I harvested my initial brew (a very light pale + wheat) that provided an extremely clean yeast cake, that I washed a few times and then made a starter on DME. From this, I stored off in 50 mL falcon tubes... Each tube has ~5-10 mL of yeast, and this is plenty to start the new brew. It really doesn't need a whole lot to get going. I haven't had any off flavours from this initial harvest, so I'm not bothering to keep any from the 3rd generation (I just discard the trub from each new brew).

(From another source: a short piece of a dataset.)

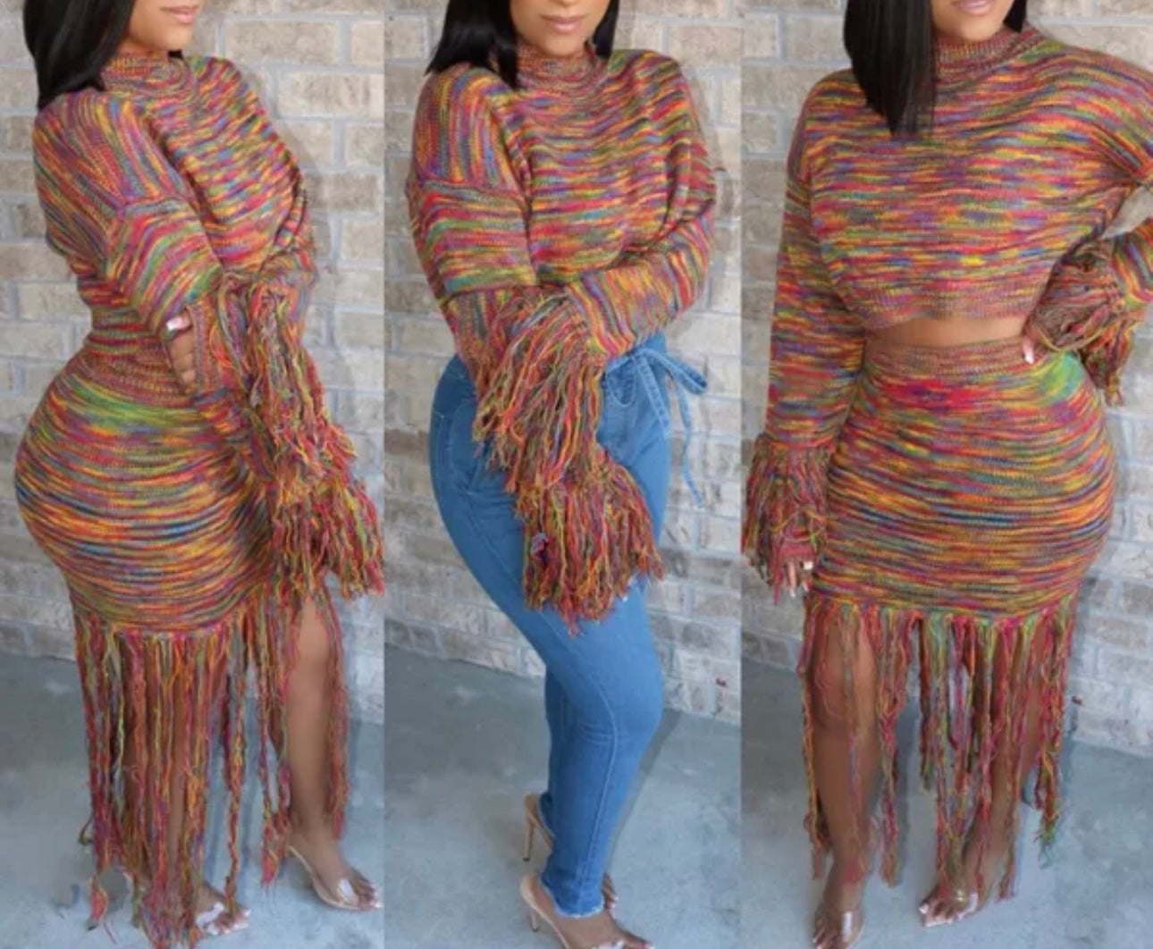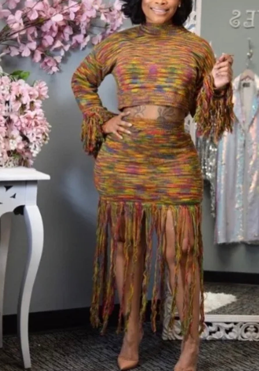Premium Sweater Fringe Set multi color fringed sweater top and skirt set is a Must Have….

Because it is so useful at room temp, I now use fwk cubes to brew Kveik beers as the temperature control doesn't matter (I actually try to keep these warmer!), which saves my fv for the temperature controlled brews. 

Hope that helps.


----------



## Grmblz (7/6/20)

Nick667 said:


> Has anyone using Kveik got a sour almost lemony flavor in the beer? So far I have brewed a cream ale now 2 weeks in the bottle and a pale ale about to be bottled and when I checked the FG today it had a slight sourness to it and the cream ale at 2 weeks is well fermented but has a sourness that is a bit over powering. The malt was lager malt with a little toffee malt and the last time I brewed it it took quite a long time to mellow. But I would appreciate any other experiences people have had.
> PS Brewed at 30C.


I've played with it a bit, Kveik King, Loki, and Voss, sour isn't what I would call it, more Tangerine/Mandarin with a hint of citrus bitterness rather than sour, works really well in dark Belgians, and very nice in a Coopers vintage clone although it changes it into a completely different beer, as much as I like the speed @ 35c (lower temps slow it it down and mute the flavours) for my palate it's quite restricted in the style of beers it's appropriate for, I'm going to try it in Dipa's but my impression is it needs a fairly big beer to carry the flavours it imparts. Maybe ferment at lower temps to reduce those flavours but then you lose the speed advantage so why bother. just my experience so far.


----------



## D20 (8/6/20)

I'm 3 days into the Kveik IPA I've brewed, currently fermenting at 35C in my RoboBrew. Started at 1063, now at 1014. Initial ferment was thrashing along within in 3 hours. Clean citrus aroma - might be from the Citra, Falconer's Flight and Mosaic, not sure yet. I'll transfer out of the Robo before dry hopping. Impressed so far, even for winter ferments.


----------



## D20 (5/8/20)

I’ve just cropped slurry of Imperial Yeast Kveiking off it’s 5th ferment, and it’s still fermenting super clean and extremely quickly. All the ferments have knocked out in 2 days, regularly at 35C. 
How many generations have you found Kveik still performs well till?


----------